The patient underwent n-N-Butyl Cyanoacrylate glue embolisation prior to surgical resection and tolerated both procedures well without complications. She had an uneventful postoperative course, was neurologically intact and was discharged to home on postoperative day 7.
Investigations
MRI of the brain with gadolinium demonstrated the right frontal AVM (figure 1); however, the MRA failed to clearly show the left supraclinoid ICA fenestration (figure 2).
Figure 1.
Axial T2-weighted MRI of the brain demonstrates prominent flow voids in the right frontal lobe with surrounding encephalomalacia and a hemosiderin rim, suggestive of prior haemorrhage.
Figure 2.
MR angiography (MRA) images of the brain. The left internal carotid artery fenestration is not seen on the oblique maximum intensity projection image (A). A faint intraluminal filling defect is seen on the sagittal (B), coronal (C) and axial (D) MRA images, which can be mistaken for an intraluminal clot or focal dissection.

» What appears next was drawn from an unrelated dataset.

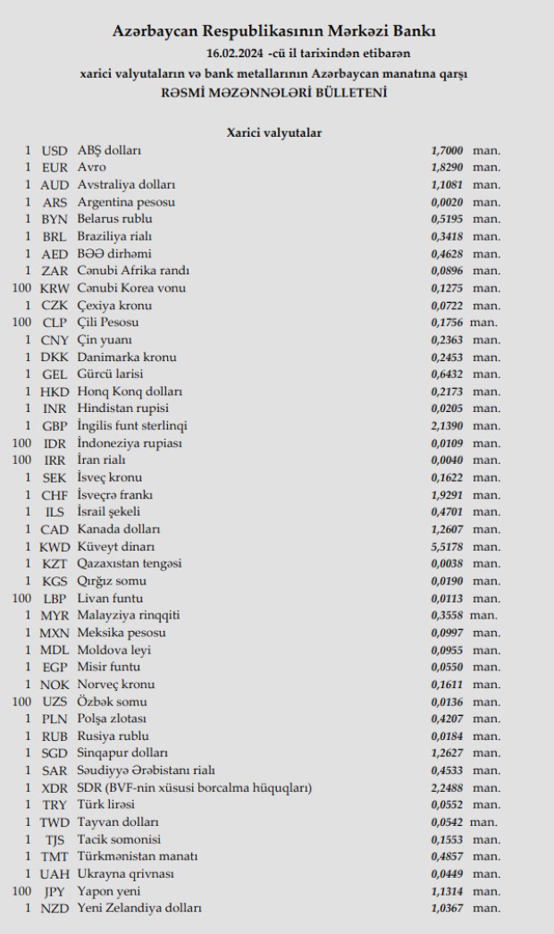 Dolların sabah üçün rəsmi məzənnəsi müəyyən olunub

Cerebral DSA demonstrated a Spetzler-Martin grade I right frontal AVM. Aneurysmally enlarged venous pouches were present, suggestive of direct high-flow arteriovenous shunts within the AVM (figure 3). A left ophthalmic segment fenestration (figure 4) was incidentally discovered.
Figure 3.
Cerebral DSA images of the right carotid. Posteroanterior and lateral views from a right carotid angiogram demonstrate a high-flow right frontal arteriovenous malformation fed predominantly by two hypertrophied prefrontal branches of the superior division of the right middle cerebral artery. Aneurysmally enlarged venous pouches are seen, suggestive of direct high-flow arteriovenous shunts.
Figure 4.
Lateral view from a left carotid angiogram shows the left ophthalmic segment fenestration (arrow) between the origins of the ophthalmic and posterior communicating arteries.
Discussion
Fenestration of an intracranial artery refers to division of an arterial lumen resulting in two distinct endothelium-lined channels, which may or may not share an adventitial layer. The appearance may vary from a small island of tissue separating the two channels to duplication of a long arterial segment.4
Intracranial fenestrations are most commonly located in the anterior communicating artery, followed by the vertebrobasilar, anterior cerebral and middle cerebral arteries.1 The supraclinoid ICA is a rare site with only 18 cases reported.2 5 Of these, 15 are associated with intracranial aneurysms, most commonly involving the fenestration itself (n=12); however, aneurysms may also exist remote to the fenestration.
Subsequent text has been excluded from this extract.